Hey, Im looking for one of these SR Ibby 5 strings with a bubinga neck and active bartilonis. How do I know which are made in Korea versus Japan? Is the 500 series made in japan? What about the K5 (which is basically the 1305). If I want to avoid the Korean ones, which numbers do I avoid?


----------



## Mr. S (Dec 27, 2006)

the 50X's are korean, but actually blindingly good, ive a 506 and its fantastic, i wouldnt discount korean made axe's completely


----------



## Alpo (Dec 27, 2006)

I don't think any Ibanez basses are made in Japan. And by the way, there's nothing wrong with Korean guitars/basses


----------



## ChaNce (Dec 27, 2006)

I know the older (96-97) Bubinga SR series were made in Japan (at least that is what I have read). 

I do think that the Korean 5 series is very good, though.


----------



## Ryan (Dec 27, 2006)

I think the customs are MIJ too; like this one:

http://www.musicgoround.com/gear/inventorydetails.asp?id=493499


----------



## leatherface2 (Dec 27, 2006)

k5 would be cool i think


----------



## olsta (Jan 11, 2007)

SR 1000 series are prestige and are all japanese
same with BTB models


----------



## Metal Ken (Jan 11, 2007)

yeah, i had a BTB 500 from like, 2001 or so and it was japanese.


----------



## ChaNce (Jan 23, 2007)

Quick update: I scored a 1992 SR885 in the laser blue. Its (of course) a 5 string, it looked pretty rough hanging on the wall at GC, it has a few scratches, but the neck is straight and the action is good (after some fiddling). I recorded some stuff, and it sounds great.

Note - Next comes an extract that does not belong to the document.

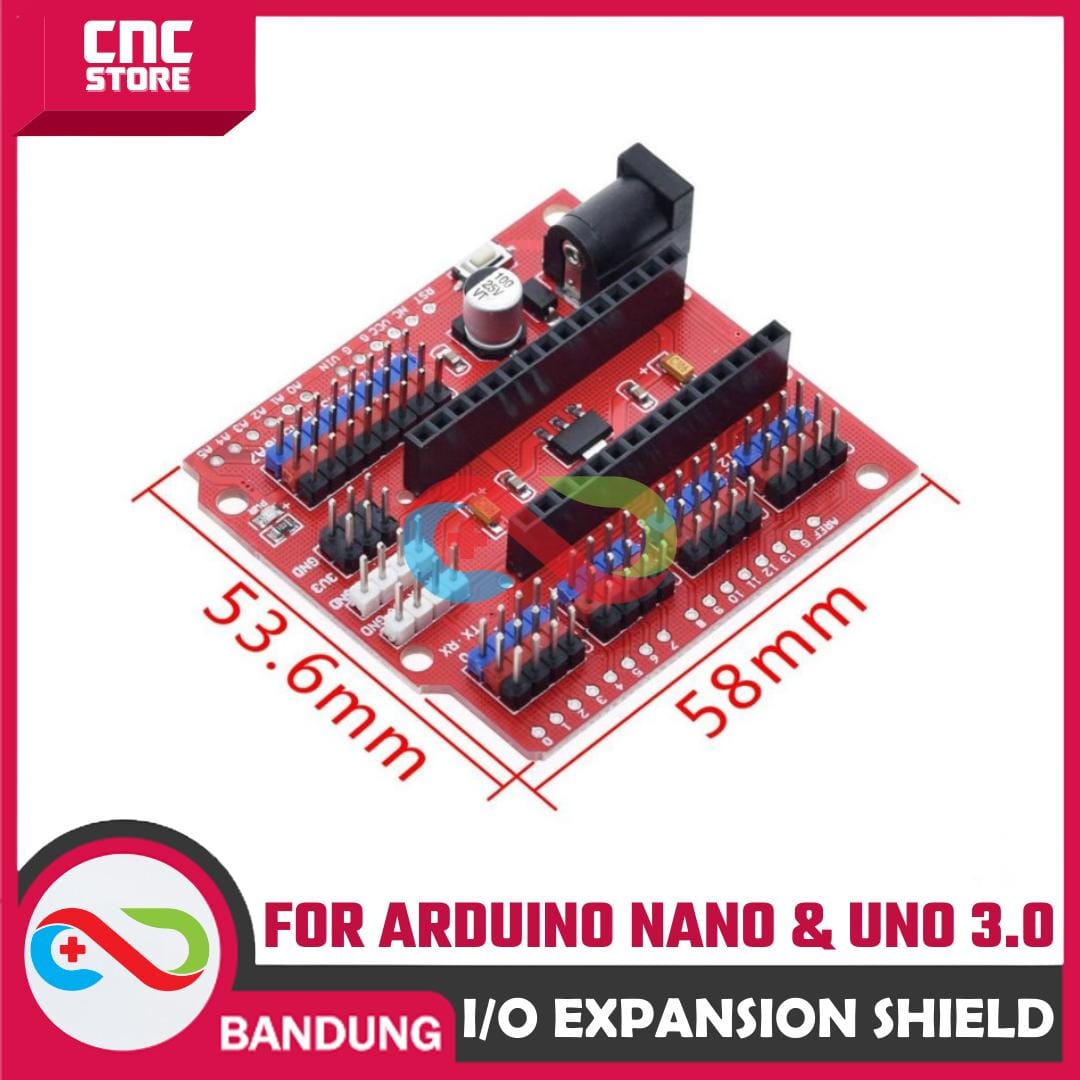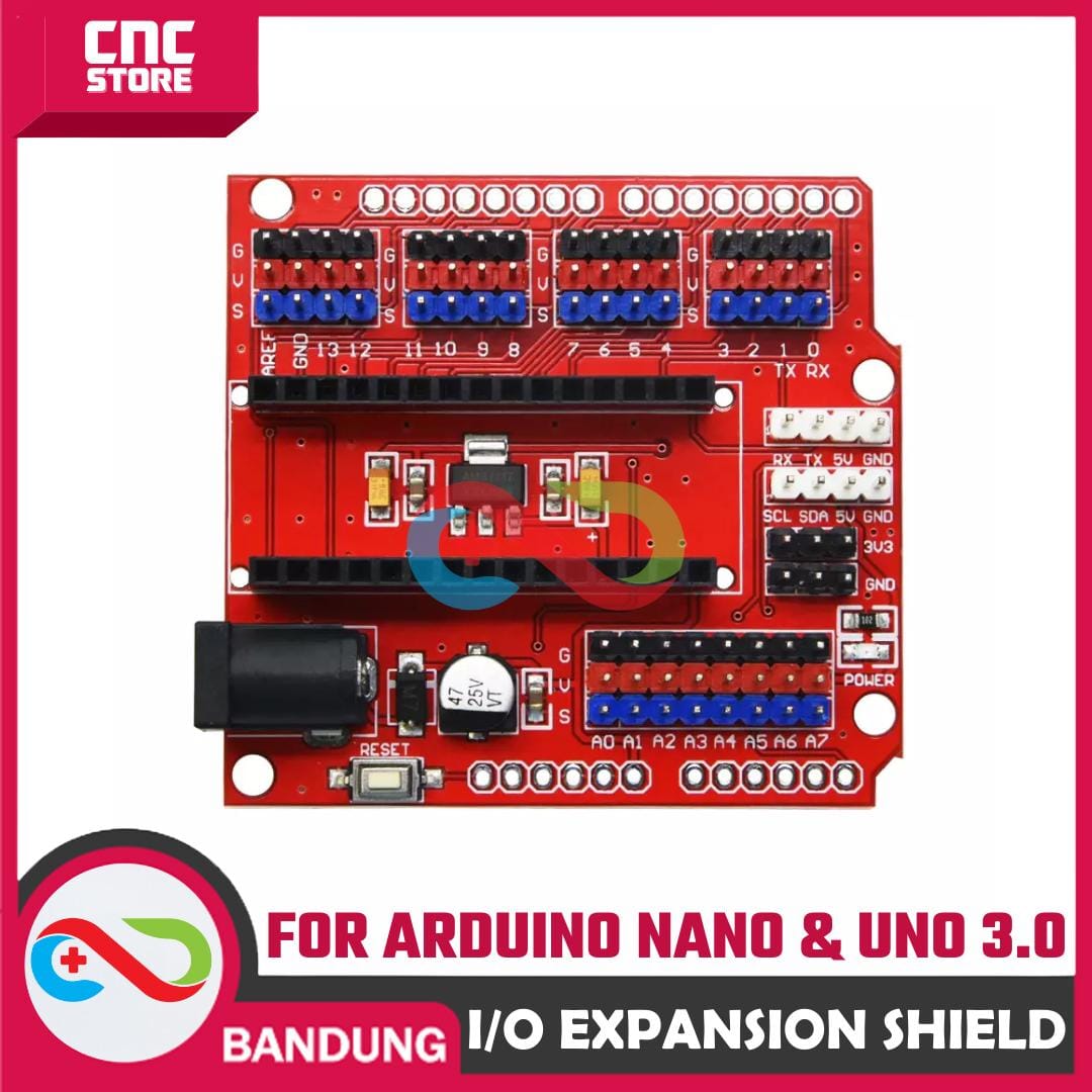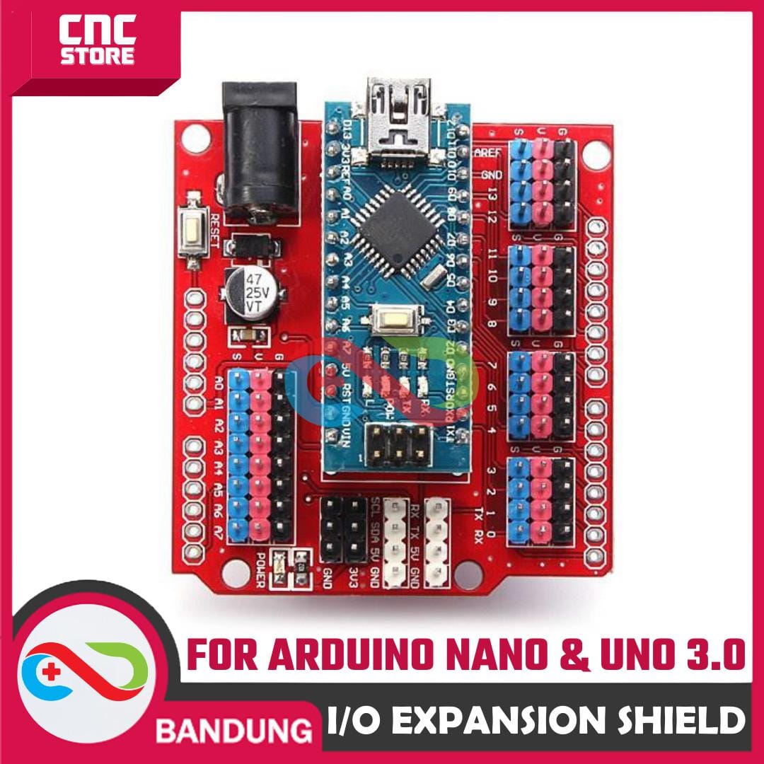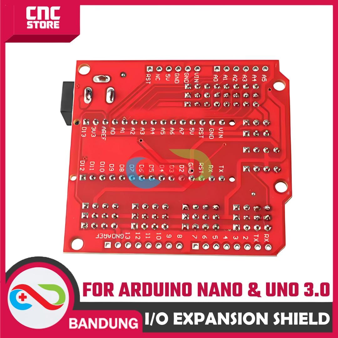 Ini adalah shield I/O expansion untuk Arduino NANO yang bentukya disesuaikan dengan board UNO. Kalo agan punya banyak device untuk dihubungkan arduino, seperti banyak sensor, bluetooth, motor servo, relay, SD card, RTC dll, maka expansion shield ini wajib untuk agan miliki. Biar agan nggak pusing kalo lagi nginstal kabel atau lagi troubleshooting. :D

Best thing? It was hanging for 229, and I had an 87 5 string Roadstar 2 that I got 100 from them for (I think I paid 75 for it), so 129. Not bad, and the Roadstar case I kept. If anyone cares, Ill post pics, but the SOTU is on, and I have drinking to do


----------



## cypher_xl (Jan 31, 2007)

yeah..ive played a korean SR and compared it to a china and indonesian GSR, korean is way better. same goes for guitars...


----------